#### LISTED ENTRIES
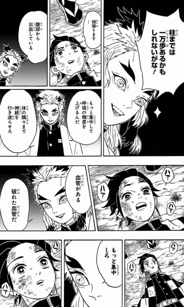 そこで、煉獄さんは全集中の呼吸をさらに精度を上げて止血する術を具体的にレクチャーします。
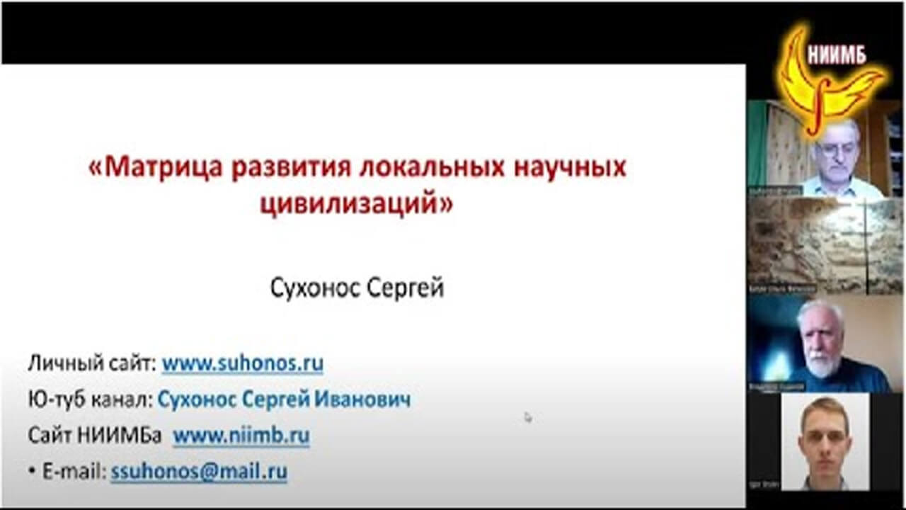 Совместный проект НИИ Моделирования Будущего и Школы Здравого Смысла. Матрица развития локальных цивилизаций - Семинар НИИМБ (Научно-исследовательский Институт Моделирования Будущего) №3. БУДАНОВ ВЛАДИМИР ГРИГОРЬЕВИЧ, советский и российский физик, философ, кандидат физико-математических наук, доцент, доктор философских наук. Заведующий сектором междисциплинарных проблем научно-технического развития в Институте философии РАН. Специалист в области теоретической физики, синергетики, философии науки, образования. Институт социально-экономического прогнозирования им. Д.И.Менделеева. СУХОНОС СЕРГЕЙ ИВАНОВИЧ, кандидат технических наук, генеральный директор фирмы «Рус-Атлант». Директор Института масштабной гармонии Академии тринитаризма. Автор открытия периодичности масштабной структуры Вселенной и единой логики развития цивилизаций, автор многих научных публикаций в России и за рубежом. https://shzs.info/index.php/shzs-information/virtual-studio/2445-modeliruem-budushchee-budanov-suhonos
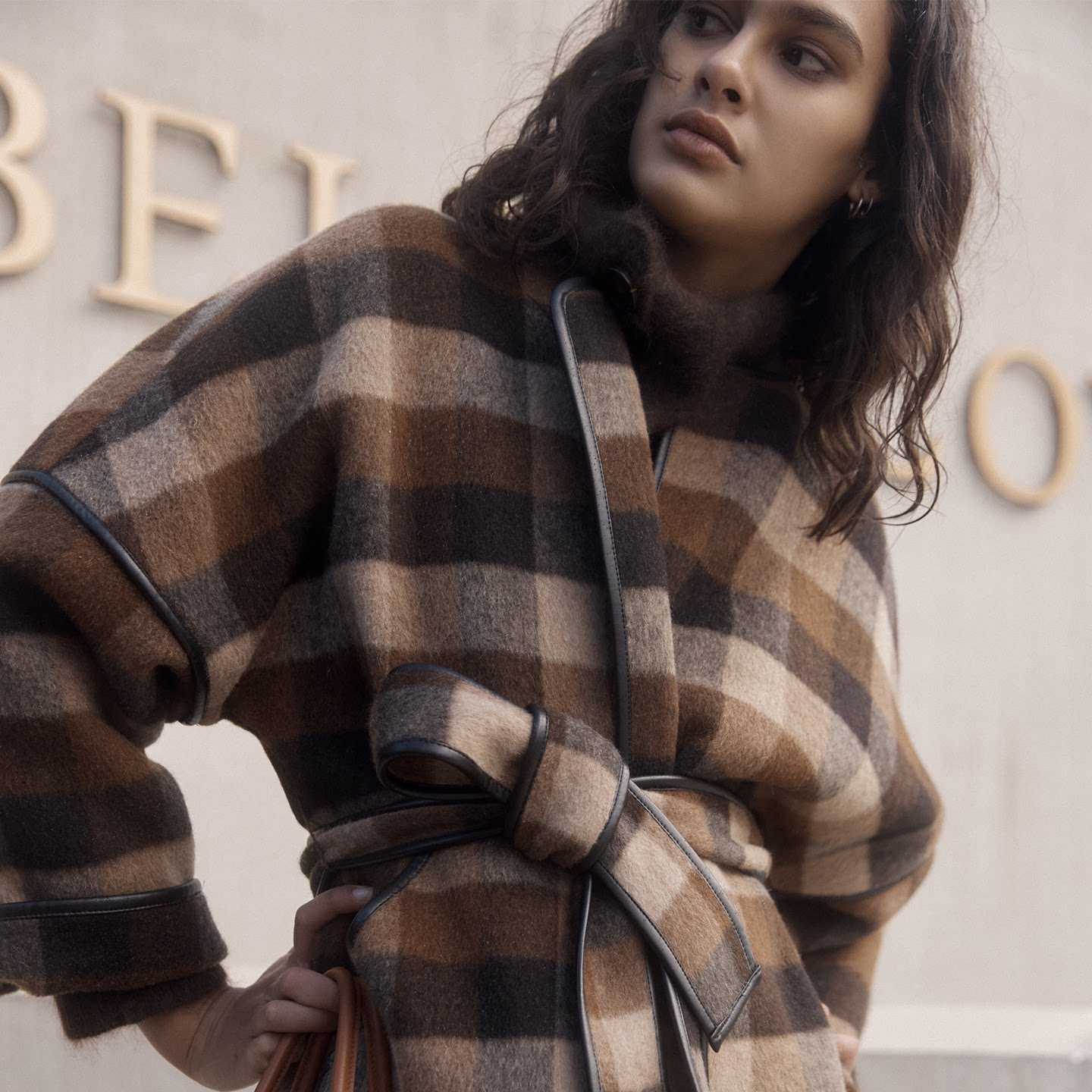 为您提供商品Fabrique高级感巧克力短款 围巾双面羊毛格纹大衣外套25年新品的详细介绍,
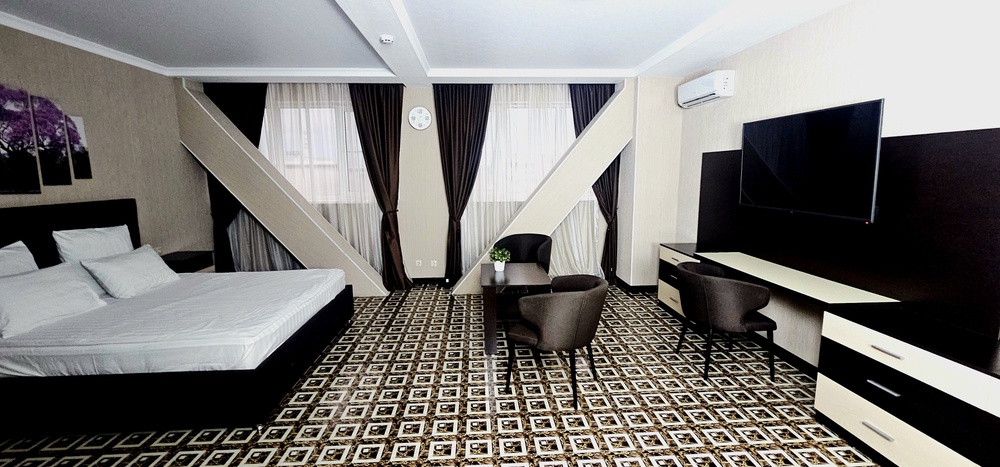 Теплая цветовая гамма, неподражаемый интерьер и дизайнерская мебель из дерева создают особенную атмосферу этого номера. Номер с кухней и рабочей зоной, а также просторная спальня с большой кроватью — мы создали все условия, чтобы вы могли плодотворно работать и полноценно отдыхать.
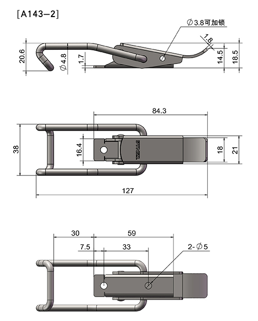 A143-2:弧形彈簧鋼線使搭扣具有彈性預(yù)壓力,并具有減振功能
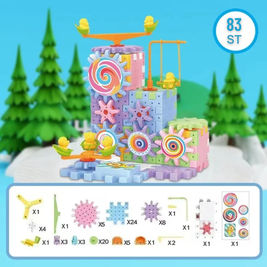 Gearlab förenar pedagogisk STEM-lek med trygga material och stark motor-/magnetkoppling. Barnet bygger fritt, ser kuggarna snurra och tränar logik, problemlösning och finmotorik – helt skärmfritt. Robust ABS, släta kanter och vattenbaserade färger ger trygg lek som håller.
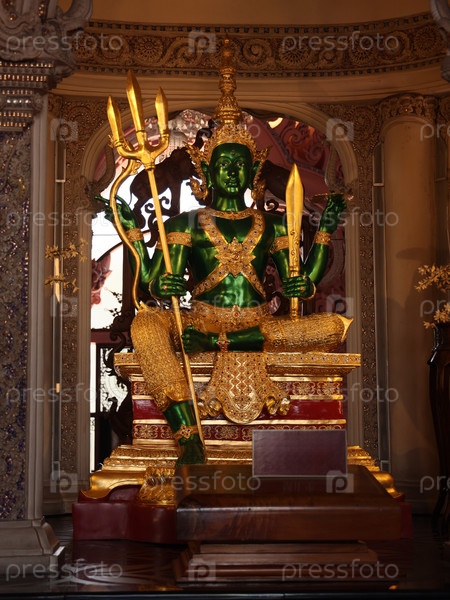 Величественная зеленая статуя божества, элегантно украшенная золотыми акцентами в спокойной храмовой обстановке
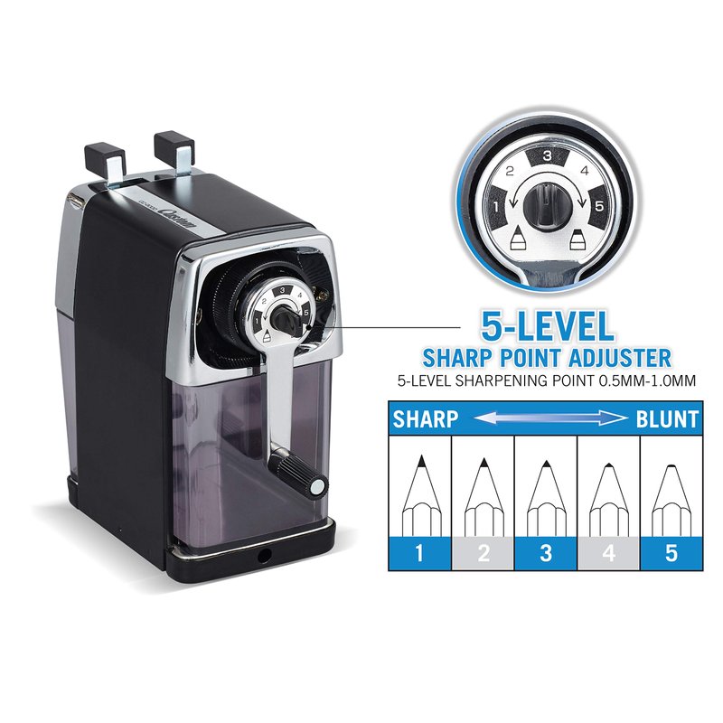 CARL Pencil Sharpener, CC-2000, Black, 5-Point Selector. Manual, Quiet for Office and Home Desks, School Classroom, CUI19018
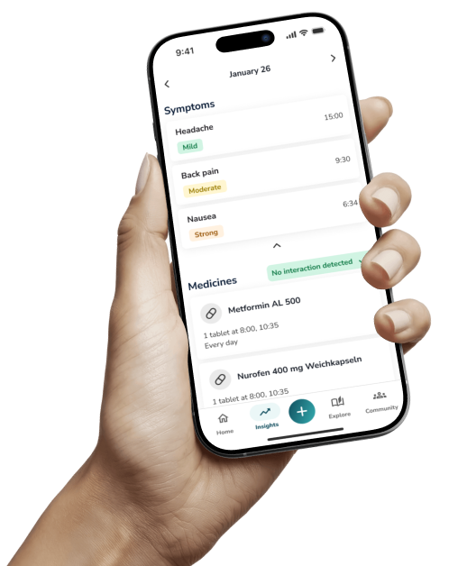 Digitaler Medikationsplan: Erfasse alle Präparate und prüfe, ob die Übelkeit zeitlich mit einer Einnahme zusammenfällt.
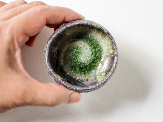 底の部分には釉薬がガラス質に結晶し、外側とは異なる美しい景色となっています。
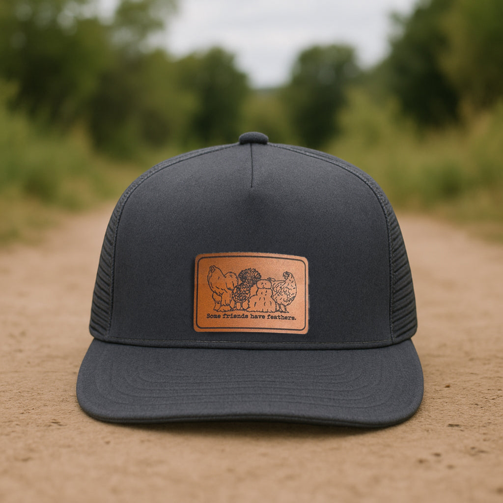The vegan leather patch showcases our original “Some Friends Have Feathers” design, adding a playful nod to farm friends both big and small—perfect for kids growing up around animals or simply fascinated by them.

#### WHAT YOU SHOULD DO
Please output, exactly and with no pictures, only the lines from the one containing "底の部分には釉薬がガラス質に結晶し、外側とは異なる美しい景色となっています。" through the final line of the records above.

#### ANSWER FOR THE TASK
 底の部分には釉薬がガラス質に結晶し、外側とは異なる美しい景色となっています。
The vegan leather patch showcases our original “Some Friends Have Feathers” design, adding a playful nod to farm friends both big and small—perfect for kids growing up around animals or simply fascinated by them.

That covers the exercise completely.